Intimate partner violence, defined as actual or threatened physical, sexual, psychological, and emotional abuse by current or former partners is a global public health concern. The prevalence and determinants of intimate partner violence against pregnant women has not been described in Rwanda. A study was conducted to identify variables associated with intimate partner violence among Rwandan pregnant women. A convenient sample of 600 pregnant women attending antenatal clinics were administered a questionnaire which included items on demographics, HIV status, intimate partner violence, and alcohol use by the male partner. Mean age and proportions of intimate partner violence in different groups were assessed. Odds of intimate partner violence were estimated using logistic regression analysis. Of the 600 respondents, 35.1% reported intimate partner violence in the last 12 months. HIV-positive pregnant women had higher rates of all forms of intimate partner violence than HIV-negative pregnant women: pulling hair (44.3% vs. 20.3%), slapping (32.0% vs. 15.3%), kicking with fists (36.3% vs. 19.7%), throwing to the ground and kicking with feet (23.3% vs. 12.7%), and burning with hot liquid (4.1% vs. 3.5%). HIV-positive participants were more than twice likely to report physical intimate partner violence than those who were HIV-negative (OR = 2.38; 95% CI [1.59, 3.57]). Other factors positively associated with physical intimate partner violence included sexual abuse before the age of 14 years (OR = 2.69; 95% CI [1.69, 4.29]), having an alcohol drinking male partner (OR = 4.10; 95% CI [2.48, 6.77] for occasional drinkers and OR = 3.37; 95% CI [2.05, 5.54] for heavy drinkers), and having a male partner with other sexual partners (OR = 1.53; 95% CI [1.15, 2.20]. Education was negatively associated with lifetime intimate partner violence. In reporting on prevalence of intimate partner violence among pregnant women attending antenatal care in Rwanda, Central Africa, the authors advocate that screening for intimate partner violence be an integral part of HIV care, as well as routine antenatal care. Services for battered women should also be made available.
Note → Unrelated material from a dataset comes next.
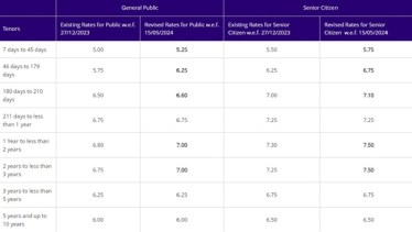 The bank has also revised interest rates for domestic bulk term deposits of Rs 2 crore and above. SBI is offering rates ranging from 5% to 7.5% to its customers on FD periods of up to 10 years. The bank is offering 7% interest rate per annum to general customers subscribing FDs of tenures spanning 1 to 3 years. For same tenure FDs, senior citizens are given up to 7.5% rate.

Editors’ note: Intimate partner violence affects 25-43% of women globally at some point in their lifetime. That over one-third of pregnant women and almost one-half of HIV-positive pregnant women in this Rwandan study had experienced such violence in the past 12 months is striking. In addition to the significant mental and physical health consequences for women, physical violence increases the risk of low birth weight infants, pre-term delivery and neonatal death, and negatively affects breast feeding post partum. Prenatal care providers should have a high degree of suspicion of intimate partner violence among pregnant women with HIV infection and make a concerted effort to provide necessary social, treatment, and legal support for these women.